[[ Data, beginning ]]
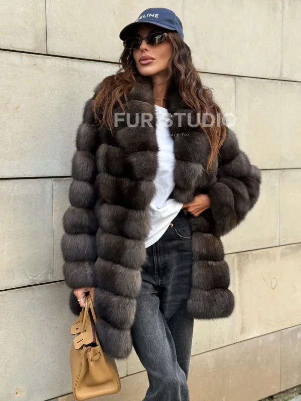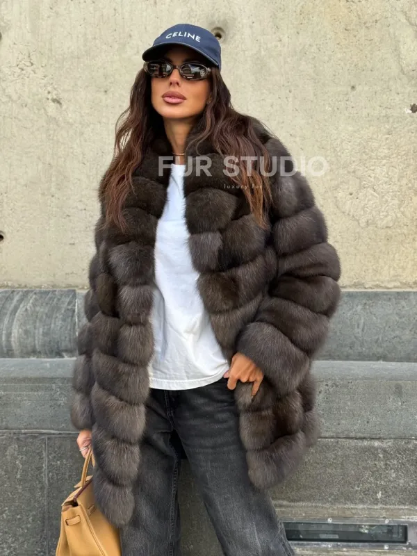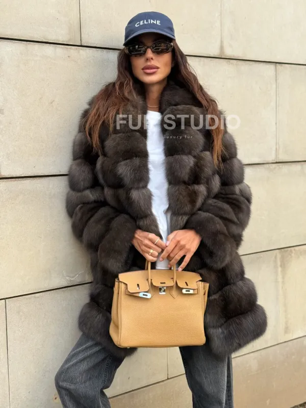 Оптимальная длина удобна в носке, не сковывает движение. Воротник стойка позаботится о шее в непогоду и подчеркнет ее изящество. Широкие рукава выделят тонкие кисти. Прямой крой удлиняет силуэт и зрительно скрывает недостатки фигуры. Купить шубу из меха соболя станет отличным вложением для женщин, которые не привыкли себе в чем-то отказывать.
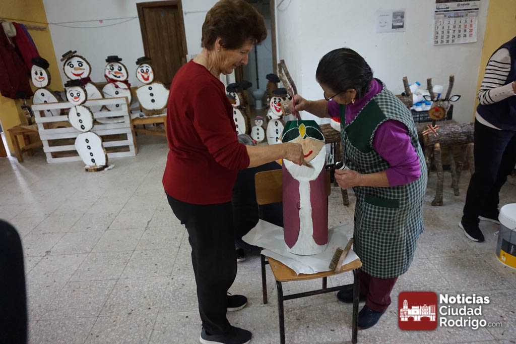 Peñaparda se prepara para recibir a la Navidad con decenas de adornos hechos a mano. Unas doce o trece personas colaboran con las tareas de realización de los adornos navideños. Ya llevan varias semanas en este taller organizado en el centro cultural de la localidad, coordinados por Alicia Palos, la alcaldesa. Entre las participantes se encuentra, Nicolasa que tiene 93 años y en este momento es la mujer con mayor edad que reside en la localidad. También hay dos jóvenes que ayudan, Cristian e Iván, como dibujantes y dando los pequeños retoques. Chari se ocupa también de los toques con el pincel,
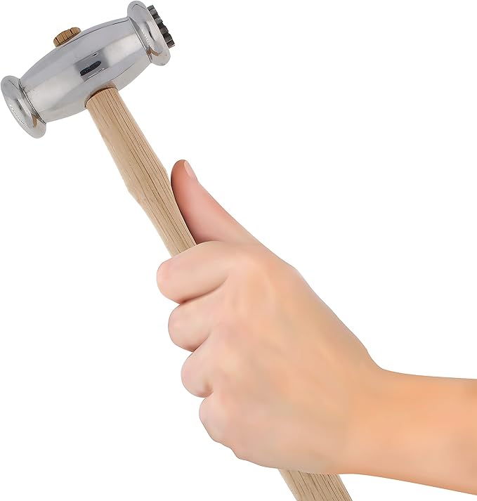 The Beadsmith Double-Faced Texture Hammer - Metal Elements Wooden Handle Steel Head - Texturing Tool Used to Add Patterns & Dimension to Metalwork
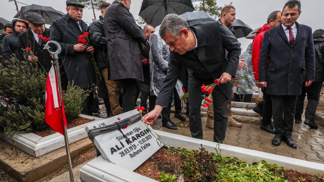 Depremlerde ölenlerin yakınlarına başsağlığı dileyen Özel, kabirlere karanfil bırakarak dua okudu.
[[ Data, end ]]
* Exercise *
Copy out every line of the data above, taking care to leave the pictures out.

* Reply to the exercise *
 Оптимальная длина удобна в носке, не сковывает движение. Воротник стойка позаботится о шее в непогоду и подчеркнет ее изящество. Широкие рукава выделят тонкие кисти. Прямой крой удлиняет силуэт и зрительно скрывает недостатки фигуры. Купить шубу из меха соболя станет отличным вложением для женщин, которые не привыкли себе в чем-то отказывать.
 Peñaparda se prepara para recibir a la Navidad con decenas de adornos hechos a mano. Unas doce o trece personas colaboran con las tareas de realización de los adornos navideños. Ya llevan varias semanas en este taller organizado en el centro cultural de la localidad, coordinados por Alicia Palos, la alcaldesa. Entre las participantes se encuentra, Nicolasa que tiene 93 años y en este momento es la mujer con mayor edad que reside en la localidad. También hay dos jóvenes que ayudan, Cristian e Iván, como dibujantes y dando los pequeños retoques. Chari se ocupa también de los toques con el pincel,
 The Beadsmith Double-Faced Texture Hammer - Metal Elements Wooden Handle Steel Head - Texturing Tool Used to Add Patterns & Dimension to Metalwork
 Depremlerde ölenlerin yakınlarına başsağlığı dileyen Özel, kabirlere karanfil bırakarak dua okudu.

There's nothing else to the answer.